Former pastor Joshua Harris says he 'excommunicated' himself after renouncing faith
In his first interview since he announced he was renouncing his faith and ending his marriage, Joshua Harris, who authored the Christian cult classic I Kissed Dating Goodbye, admitted he excommunicated people from the church and eventually excommunicated himself.
“I was a leader and a spokesman and I called people to live in very particular ways, to sacrifice in very particular ways. And so for me to change in my thinking feels like a betrayal to them,” Harris said during a recent interview with Mike Allen, co-founder and executive editor of Axios on “Axios on HBO.”

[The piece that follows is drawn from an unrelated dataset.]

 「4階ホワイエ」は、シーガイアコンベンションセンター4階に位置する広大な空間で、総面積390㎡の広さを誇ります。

“I excommunicated people. If you're not living according to the teaching of the Bible and you're living in unrepentant sin, then you have to be put out of the church. And I think I came to a point of recognizing, ‘You know what? I'm not living according to this. And I held other people to this standard.’ And, you know, I excommunicated myself essentially.”

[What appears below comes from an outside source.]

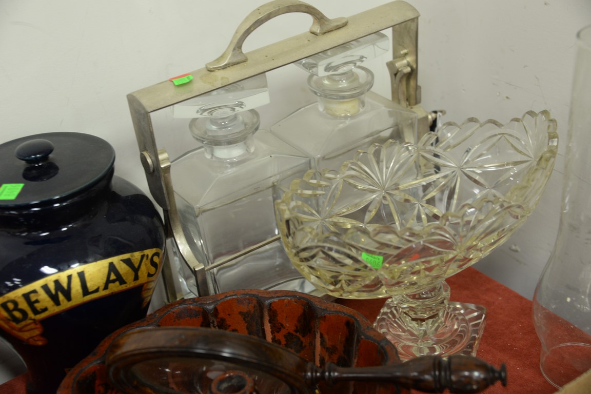 Lot 381: Group lot to include tantalus with 2 crystal bottles, four hummels, silverplate, cake mold, Bewley’s jar, footed crystal bowl, and c…

Harris, who was lead pastor of Covenant Life Church, the founding church of Sovereign Grace Ministries in Gaithersburg, Maryland, said he had been going through a process of deconversion for a while before making his decision but noted that the main reason he “excommunicated” himself was because of the failure of his marriage.
“I was really just trying to be honest about the fact that all the ways that I had defined faith and Christianity that I was no longer choosing to live according to those — most significantly, the decision that my wife and I made to end our marriage,” he said.
The former pastor noted that some of the things that could lead to excommunication include unbiblical divorce and unrepentant sin that was oftentimes sexual in nature.
“An affair. You know, living a gay lifestyle. Anyone in the LGBTQ community would fall into that if they weren't actively trying to overcome those inclinations,” Harris said.
When asked if he had been rethinking his own sexuality, Harris refused to discuss it.
“I don't like to answer that question because there are so many people that want me to give some sort of answer that I think will allow them to again label and categorize me. So I think I would just say I'm very comfortable with my sexuality,” he said. “… for me, it's like if the answer to the question of my sexuality puts me inside or outside of your circle, accepted or unaccepted, then I don't want to be friends, you know? F*** you and f*** your circle. That's how I feel. And so that's why I don't feel any need to answer that question.”
Less than a month after denouncing his faith, Harris demonstrated his support for the LGBT community by marching in Vancouver’s annual Pride Parade.